#### TASK BRIEF:
Repeat the records below exactly from the line containing "儀式結束后,周和生董事長為學" to the line containing "Este esta en", taking in both of those lines. Drop the pictures.

#### LISTED ENTRIES:
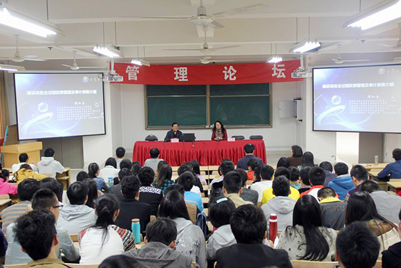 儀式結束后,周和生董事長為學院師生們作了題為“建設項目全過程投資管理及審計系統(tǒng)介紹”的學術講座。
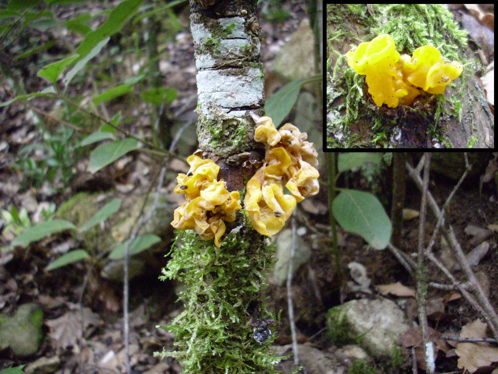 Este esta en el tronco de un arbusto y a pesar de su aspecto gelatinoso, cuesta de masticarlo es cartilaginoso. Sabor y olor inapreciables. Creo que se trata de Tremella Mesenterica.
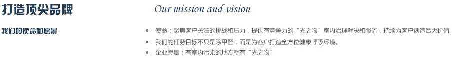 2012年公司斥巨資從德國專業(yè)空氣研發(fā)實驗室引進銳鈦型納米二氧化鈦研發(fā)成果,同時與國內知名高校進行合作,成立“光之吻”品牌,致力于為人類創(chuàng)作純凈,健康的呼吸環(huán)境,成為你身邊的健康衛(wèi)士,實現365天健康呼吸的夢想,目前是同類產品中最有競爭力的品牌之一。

...

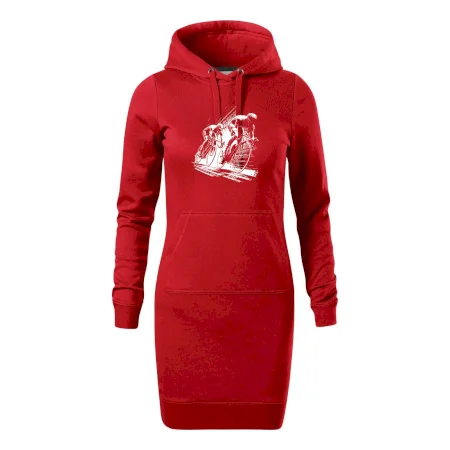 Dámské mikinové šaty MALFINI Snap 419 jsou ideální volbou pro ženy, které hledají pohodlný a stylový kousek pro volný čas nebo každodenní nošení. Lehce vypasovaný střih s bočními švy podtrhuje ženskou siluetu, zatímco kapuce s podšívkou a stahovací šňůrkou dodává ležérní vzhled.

#### ANSWER SECTION:
 儀式結束后,周和生董事長為學院師生們作了題為“建設項目全過程投資管理及審計系統(tǒng)介紹”的學術講座。
 Este esta en el tronco de un arbusto y a pesar de su aspecto gelatinoso, cuesta de masticarlo es cartilaginoso. Sabor y olor inapreciables. Creo que se trata de Tremella Mesenterica.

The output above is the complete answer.